• Exercise prompt
Exact copies of all the lines below are required, with the pictures omitted.

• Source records
-*-

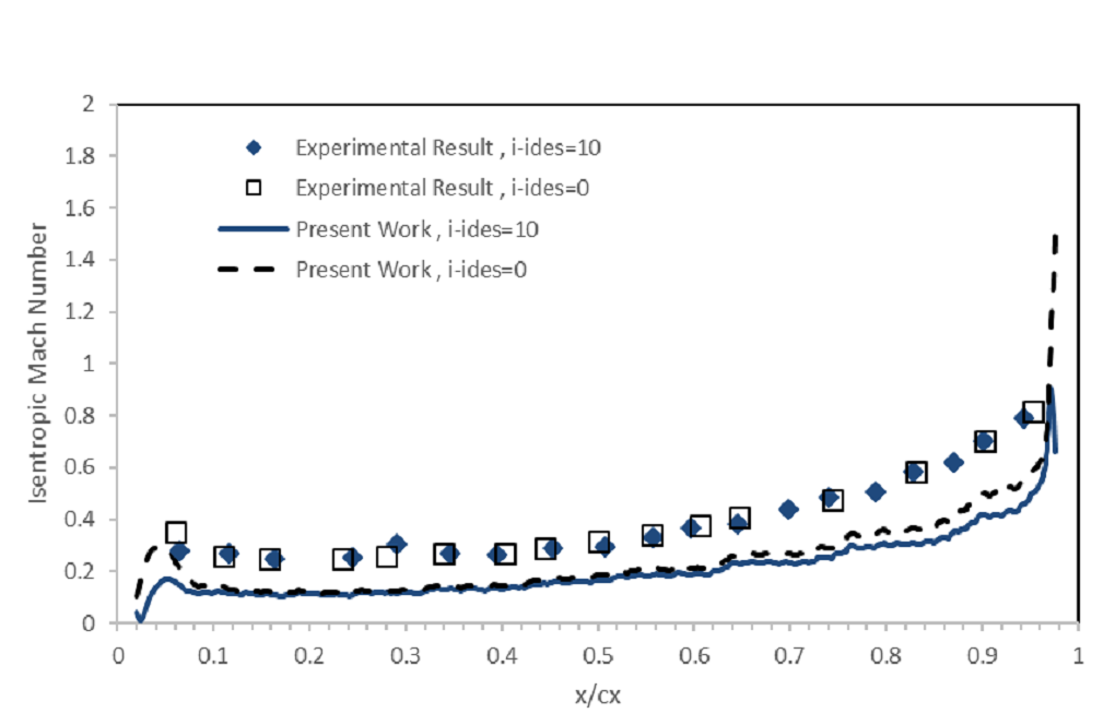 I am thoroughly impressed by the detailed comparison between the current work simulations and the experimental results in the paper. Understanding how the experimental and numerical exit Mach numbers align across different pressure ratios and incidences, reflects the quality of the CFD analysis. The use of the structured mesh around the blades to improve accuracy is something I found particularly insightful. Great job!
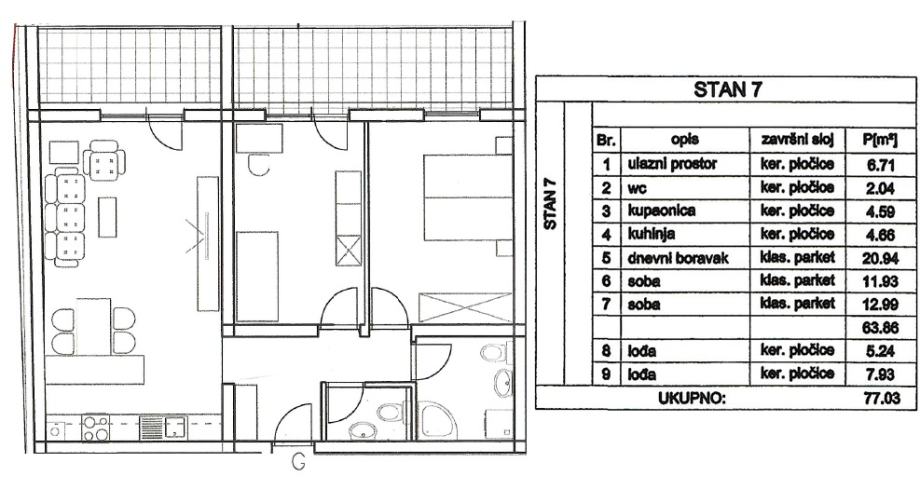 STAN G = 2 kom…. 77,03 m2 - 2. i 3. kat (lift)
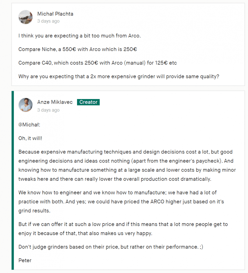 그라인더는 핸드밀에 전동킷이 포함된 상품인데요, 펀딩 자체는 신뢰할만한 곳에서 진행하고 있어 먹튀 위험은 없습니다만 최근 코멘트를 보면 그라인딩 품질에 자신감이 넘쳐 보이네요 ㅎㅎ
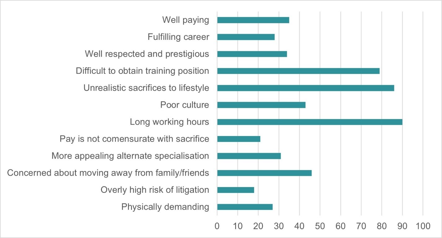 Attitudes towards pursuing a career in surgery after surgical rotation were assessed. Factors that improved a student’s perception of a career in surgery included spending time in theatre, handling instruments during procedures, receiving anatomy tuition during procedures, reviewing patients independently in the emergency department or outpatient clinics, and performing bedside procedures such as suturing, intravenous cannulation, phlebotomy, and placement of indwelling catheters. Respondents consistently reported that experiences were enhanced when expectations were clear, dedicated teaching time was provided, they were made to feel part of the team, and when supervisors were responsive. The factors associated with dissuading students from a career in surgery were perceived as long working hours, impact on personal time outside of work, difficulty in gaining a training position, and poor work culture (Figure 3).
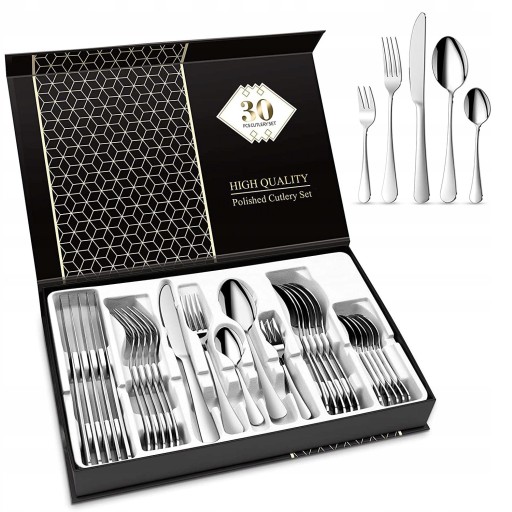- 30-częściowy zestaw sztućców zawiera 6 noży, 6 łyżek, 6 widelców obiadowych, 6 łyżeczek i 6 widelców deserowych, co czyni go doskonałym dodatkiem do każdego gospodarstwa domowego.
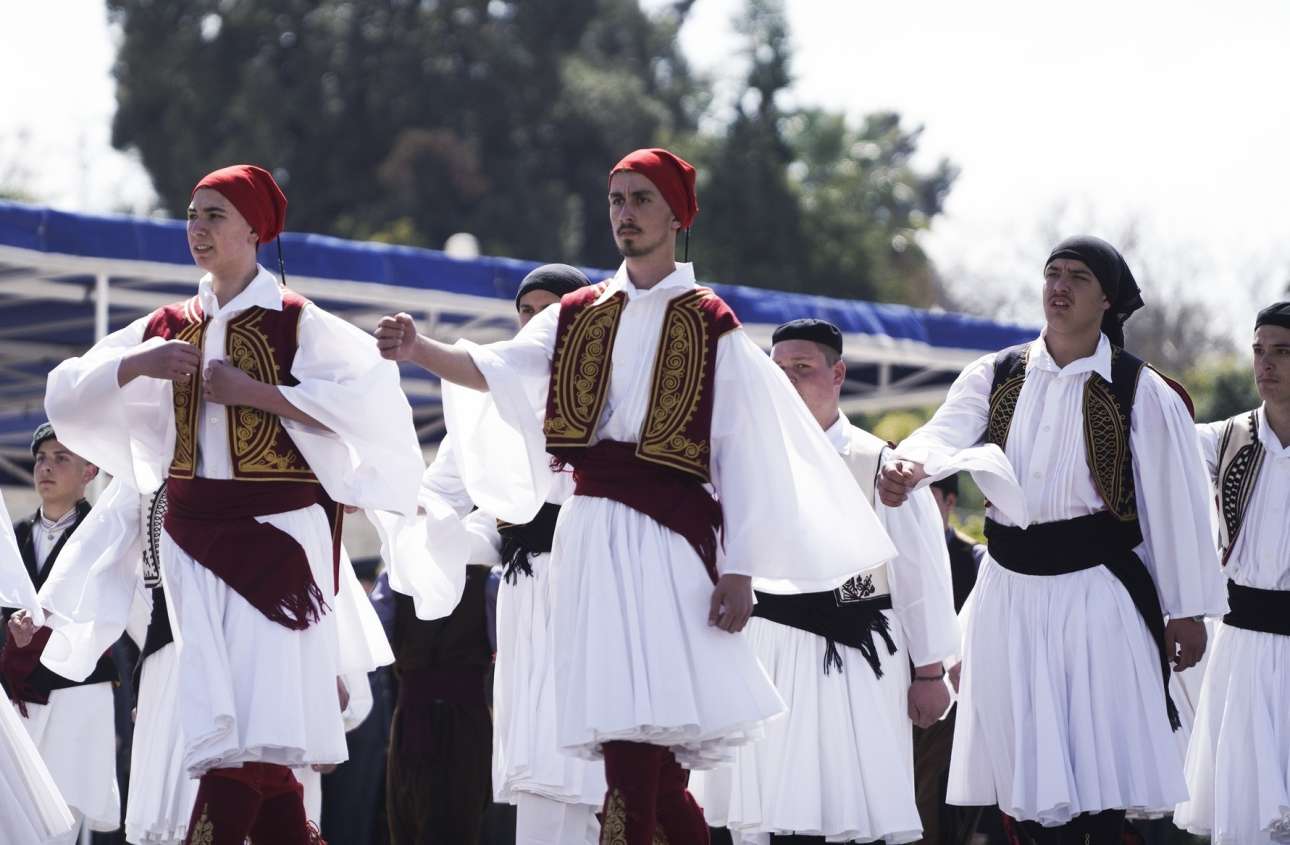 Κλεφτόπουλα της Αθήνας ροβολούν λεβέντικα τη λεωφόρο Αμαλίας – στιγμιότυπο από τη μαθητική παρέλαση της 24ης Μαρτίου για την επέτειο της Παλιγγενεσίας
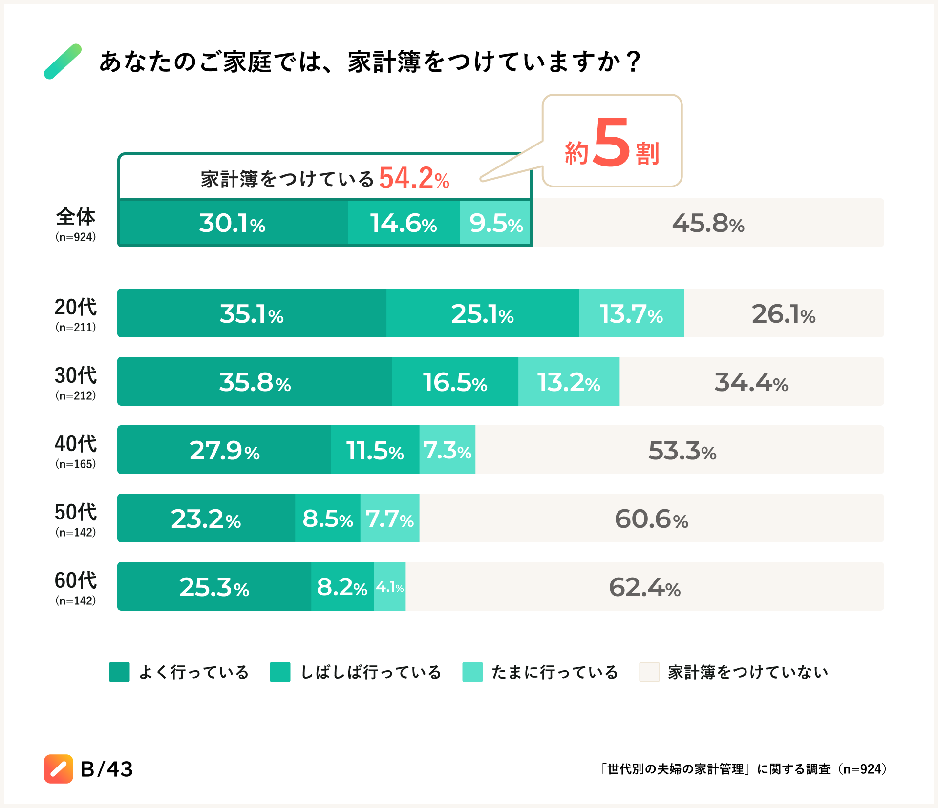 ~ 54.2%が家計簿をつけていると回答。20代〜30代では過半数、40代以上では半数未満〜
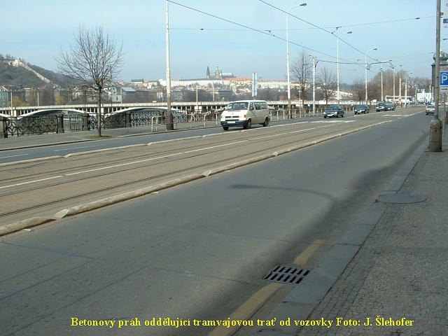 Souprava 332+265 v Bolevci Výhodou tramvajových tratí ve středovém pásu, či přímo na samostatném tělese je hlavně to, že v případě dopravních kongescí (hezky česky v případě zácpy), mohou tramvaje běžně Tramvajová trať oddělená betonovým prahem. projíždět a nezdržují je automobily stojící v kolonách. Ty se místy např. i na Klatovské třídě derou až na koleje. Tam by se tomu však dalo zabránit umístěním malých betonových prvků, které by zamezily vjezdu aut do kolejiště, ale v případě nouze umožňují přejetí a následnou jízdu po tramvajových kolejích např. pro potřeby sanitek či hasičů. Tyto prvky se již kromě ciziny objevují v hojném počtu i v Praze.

-*-

• Response
 I am thoroughly impressed by the detailed comparison between the current work simulations and the experimental results in the paper. Understanding how the experimental and numerical exit Mach numbers align across different pressure ratios and incidences, reflects the quality of the CFD analysis. The use of the structured mesh around the blades to improve accuracy is something I found particularly insightful. Great job!
 STAN G = 2 kom…. 77,03 m2 - 2. i 3. kat (lift)
 그라인더는 핸드밀에 전동킷이 포함된 상품인데요, 펀딩 자체는 신뢰할만한 곳에서 진행하고 있어 먹튀 위험은 없습니다만 최근 코멘트를 보면 그라인딩 품질에 자신감이 넘쳐 보이네요 ㅎㅎ
 Attitudes towards pursuing a career in surgery after surgical rotation were assessed. Factors that improved a student’s perception of a career in surgery included spending time in theatre, handling instruments during procedures, receiving anatomy tuition during procedures, reviewing patients independently in the emergency department or outpatient clinics, and performing bedside procedures such as suturing, intravenous cannulation, phlebotomy, and placement of indwelling catheters. Respondents consistently reported that experiences were enhanced when expectations were clear, dedicated teaching time was provided, they were made to feel part of the team, and when supervisors were responsive. The factors associated with dissuading students from a career in surgery were perceived as long working hours, impact on personal time outside of work, difficulty in gaining a training position, and poor work culture (Figure 3).
- 30-częściowy zestaw sztućców zawiera 6 noży, 6 łyżek, 6 widelców obiadowych, 6 łyżeczek i 6 widelców deserowych, co czyni go doskonałym dodatkiem do każdego gospodarstwa domowego.
 Κλεφτόπουλα της Αθήνας ροβολούν λεβέντικα τη λεωφόρο Αμαλίας – στιγμιότυπο από τη μαθητική παρέλαση της 24ης Μαρτίου για την επέτειο της Παλιγγενεσίας
 ~ 54.2%が家計簿をつけていると回答。20代〜30代では過半数、40代以上では半数未満〜
 Souprava 332+265 v Bolevci Výhodou tramvajových tratí ve středovém pásu, či přímo na samostatném tělese je hlavně to, že v případě dopravních kongescí (hezky česky v případě zácpy), mohou tramvaje běžně Tramvajová trať oddělená betonovým prahem. projíždět a nezdržují je automobily stojící v kolonách. Ty se místy např. i na Klatovské třídě derou až na koleje. Tam by se tomu však dalo zabránit umístěním malých betonových prvků, které by zamezily vjezdu aut do kolejiště, ale v případě nouze umožňují přejetí a následnou jízdu po tramvajových kolejích např. pro potřeby sanitek či hasičů. Tyto prvky se již kromě ciziny objevují v hojném počtu i v Praze.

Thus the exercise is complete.